▶ **Task requirements**:
Leave out every picture, and output exactly the lines from the line containing "Rastgele delik konumları" through the last line of the data.

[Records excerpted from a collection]
++++++++

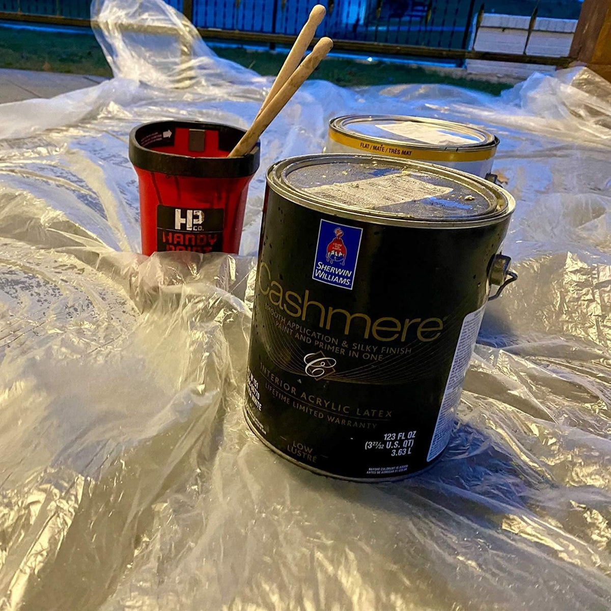 [No Leaking Guarantee]: It made of 100% premium polyethylene, which is very durable, odorless, and tear-proof. Plastic drop cloth can block the intrusion of water and paint, keeping furniture and carpets dry.
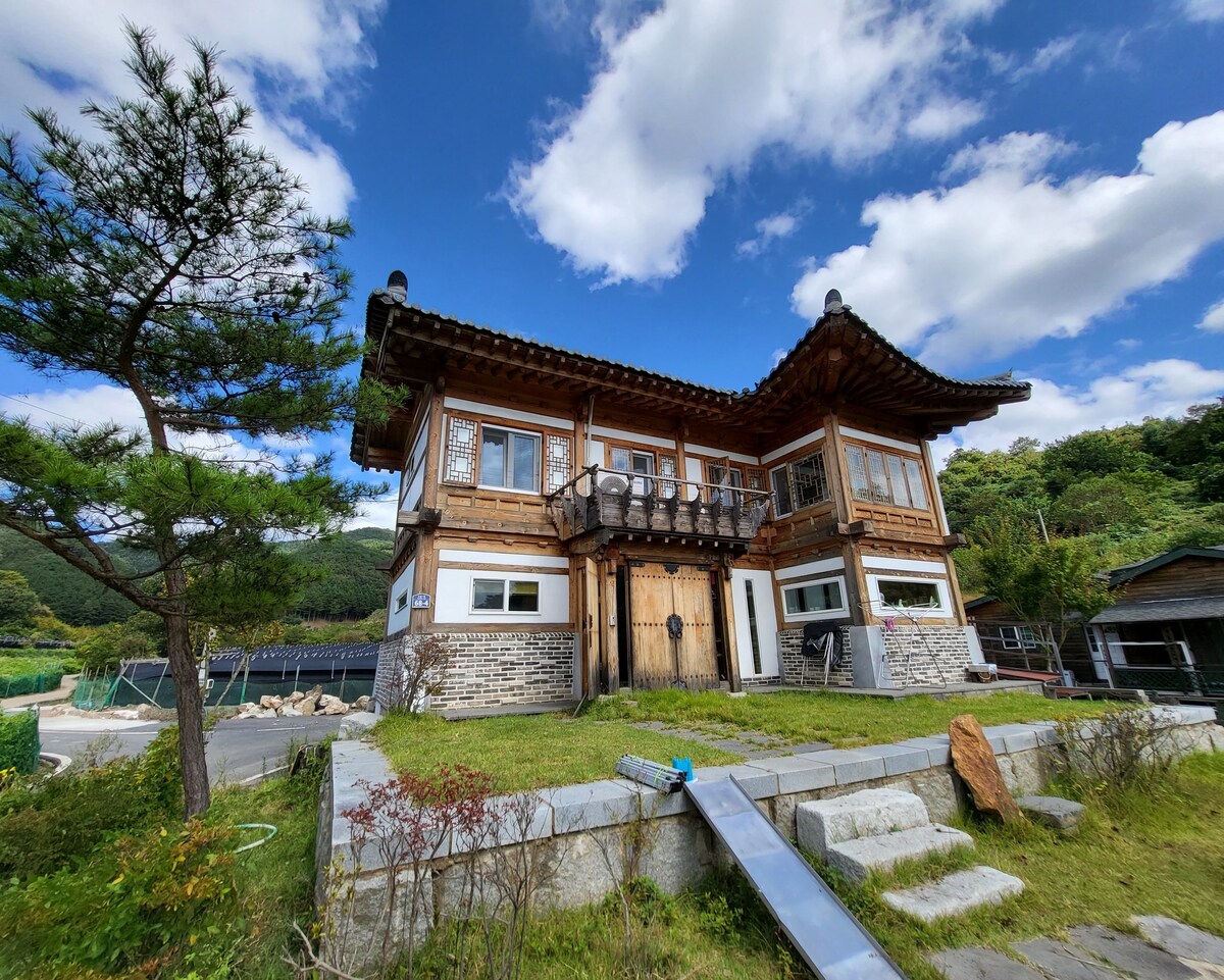 This place is suitable for untact travel. It is a space where you can be freed from the daily routine and the suffocating life of the city center. All you can meet is the sound of the mountain wind, the song of the birds, and the warm hearts of the family. Anyone can travel without being conscious. It consists of 2 rooms, a living room, a kitchen, and a bathroom, and has a large balcony with an unobstructed view. The large room has 2 queen beds, and the small room has 1 queen bed and a single sofa bed. The property is located on the mountain pass near the Unilam and Banilam Valley, and is a quiet place with no private houses nearby. There is a large stream right in front of the house. It's great for playing in the water. The yard of the house is a 300-pyeong lawn garden, the inside of the house is 25 pyeong in size, and there is also a 5-pyeong balcony. It's not a fancy place, but it's a place where you can get plenty of the host's kindness and the scent of nature. If you want to have a comfortable mind through relaxation, come. You will be satisfied.
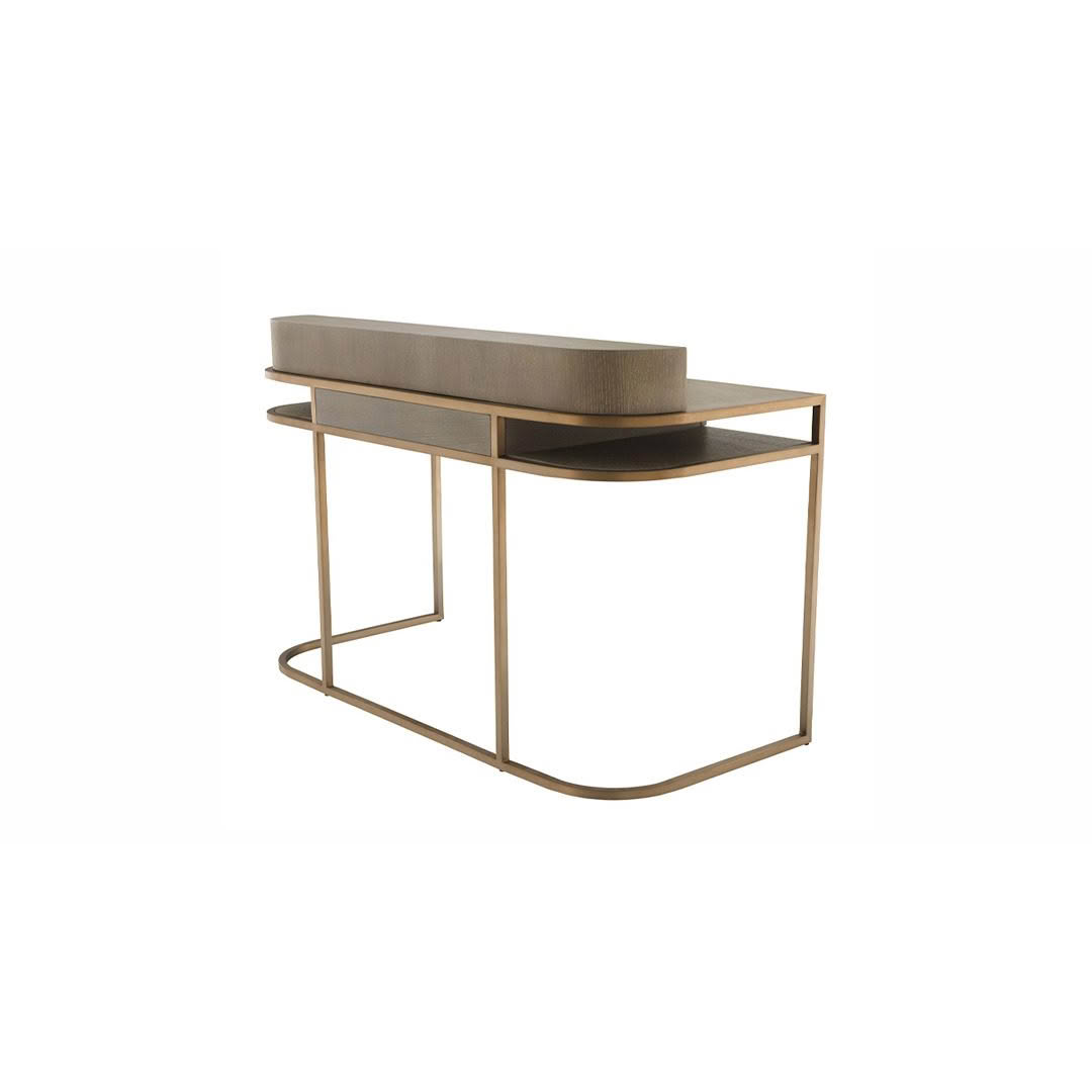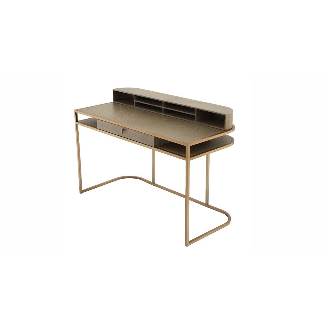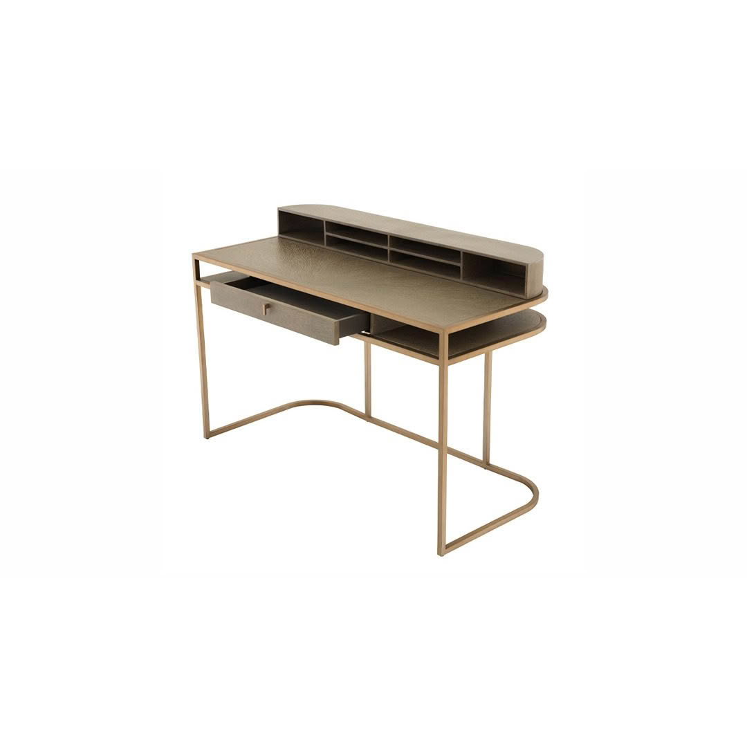 The washed oak veneer Highland Desk is a beautifully streamlined writing desk in retro design with drawer set on a metal frame with brushed brass finish.
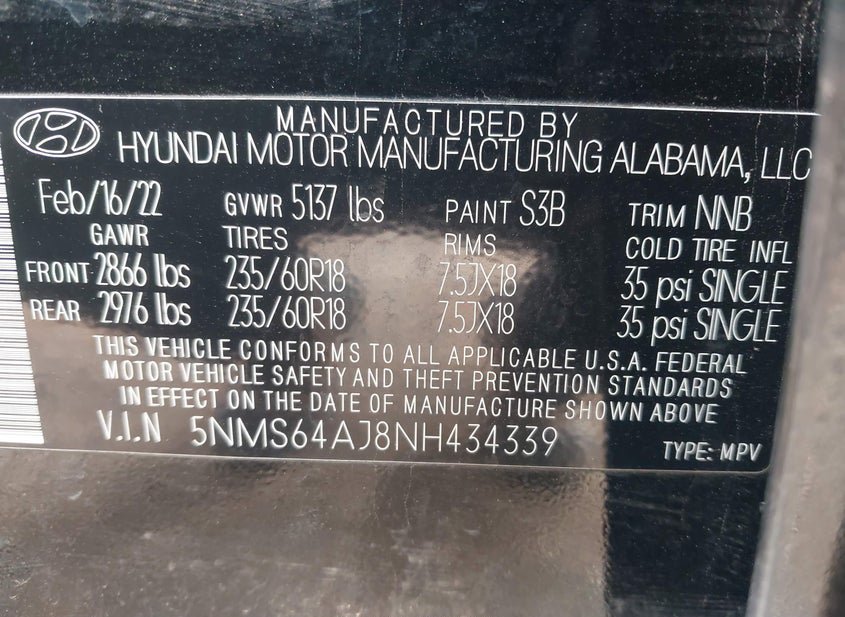 - VIN: 5NMS64AJ8NH434339
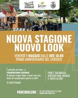 Il Chiosco del Parcobaleno si rinnova e invita tutta la cittadinanza a festeggiare il primo anniversario di apertura con tante novità e un’atmosfera di festa.
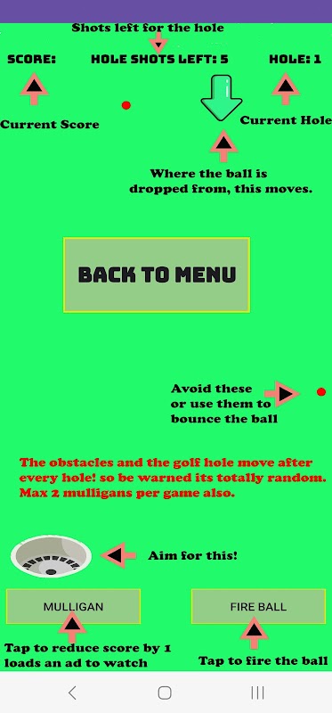 Rastgele delik konumları ve engellerle basit ve bağımlılık yaratan bir golf pinball/plinko oyunu.
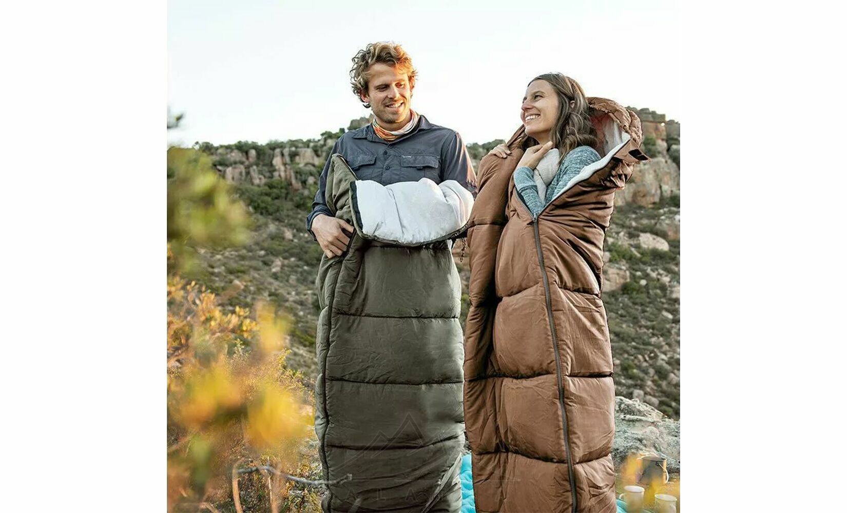- Лівий та правий спальники можна зістібнути разом і отримати один великий двомісний спальний мішок.
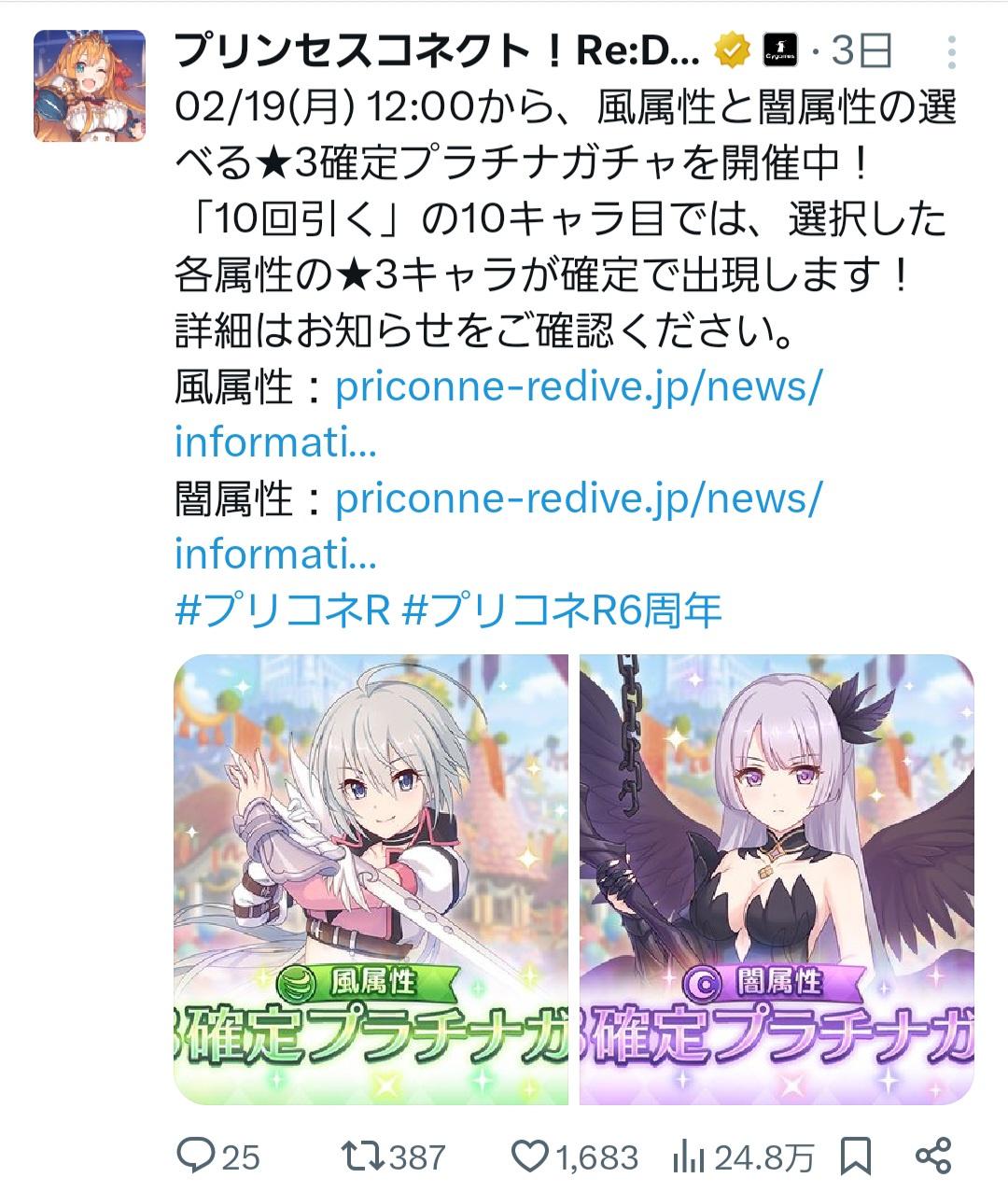 ちなみにプリコネも6年目で急に属性付与したあと確定ガチャを連発

++++++++

▶ **Exercise result**:
 Rastgele delik konumları ve engellerle basit ve bağımlılık yaratan bir golf pinball/plinko oyunu.
- Лівий та правий спальники можна зістібнути разом і отримати один великий двомісний спальний мішок.
 ちなみにプリコネも6年目で急に属性付与したあと確定ガチャを連発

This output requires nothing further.